▶ [PROBLEM DESCRIPTION]
Starting at the line that contains "opositor Sajith Premadasa.", copy every line through the end of the records below exactly as written, leaving out pictures.

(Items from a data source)
^^^^
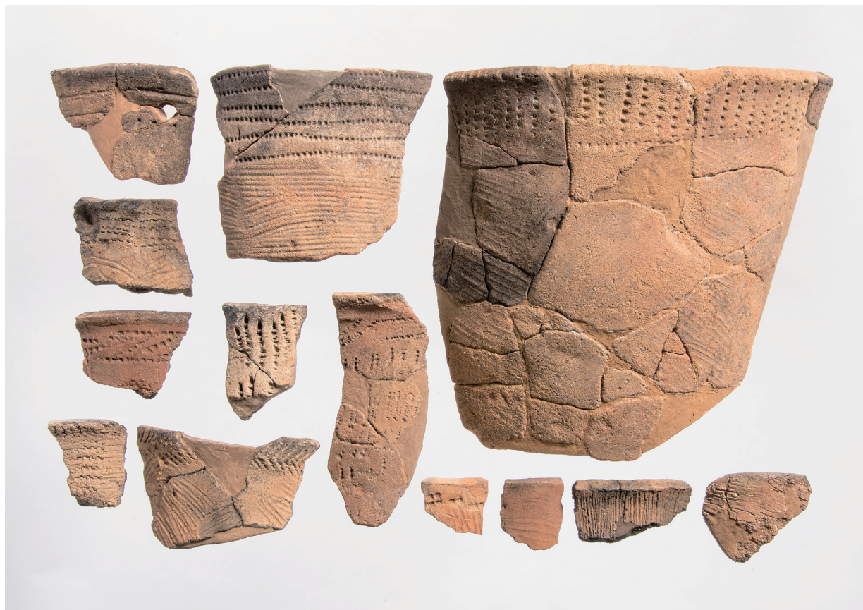
II 類土器 (4)
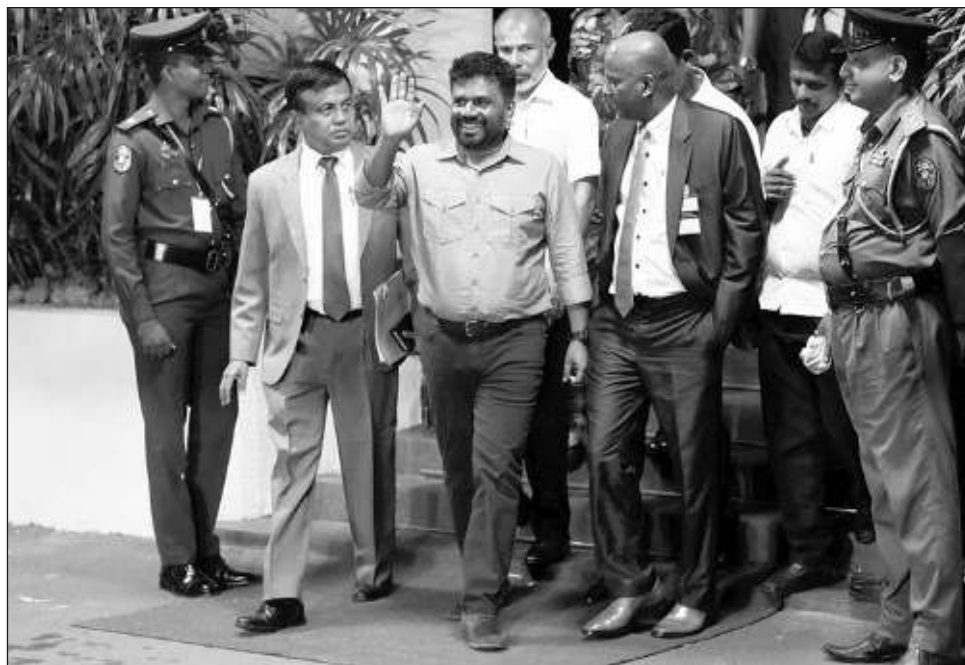
▲ Anura Kumara Dissanayake, cuya campaña a favor de la clase obrera y en contra de la élite política lo hizo popular entre los jóvenes, le ganó al líder opositor Sajith Premadasa.

Las elecciones realizadas el sábado fueron cruciales,
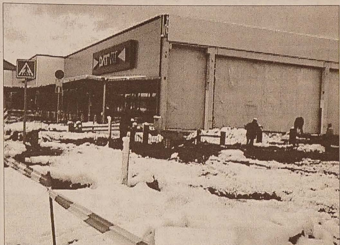
Atak zimy nie przerwał robót na placu budowy w Avion Shopping Parku w Ostrawie Zabrzegu.

Wystawy TEATR CIESZYŃSKI - WIELKA GALERIA: do 5. 12. wystawa B. Kowalczyk, B. Szczuki, A. Papiły i D. Krygiel. Otwarte po-pt: 9-15. SALA WYSTAWOWA MANESA, DK Karwinia: do 26. 11. jubileuszowa wystawa Oskara Pawłasa. Otwarte wt-pt: 9-17, so: 14-18, nie: 10-16.
^^^^
▶ [EXERCISE OUTPUT]
▲ Anura Kumara Dissanayake, cuya campaña a favor de la clase obrera y en contra de la élite política lo hizo popular entre los jóvenes, le ganó al líder opositor Sajith Premadasa.

Las elecciones realizadas el sábado fueron cruciales,
Atak zimy nie przerwał robót na placu budowy w Avion Shopping Parku w Ostrawie Zabrzegu.

Wystawy TEATR CIESZYŃSKI - WIELKA GALERIA: do 5. 12. wystawa B. Kowalczyk, B. Szczuki, A. Papiły i D. Krygiel. Otwarte po-pt: 9-15. SALA WYSTAWOWA MANESA, DK Karwinia: do 26. 11. jubileuszowa wystawa Oskara Pawłasa. Otwarte wt-pt: 9-17, so: 14-18, nie: 10-16.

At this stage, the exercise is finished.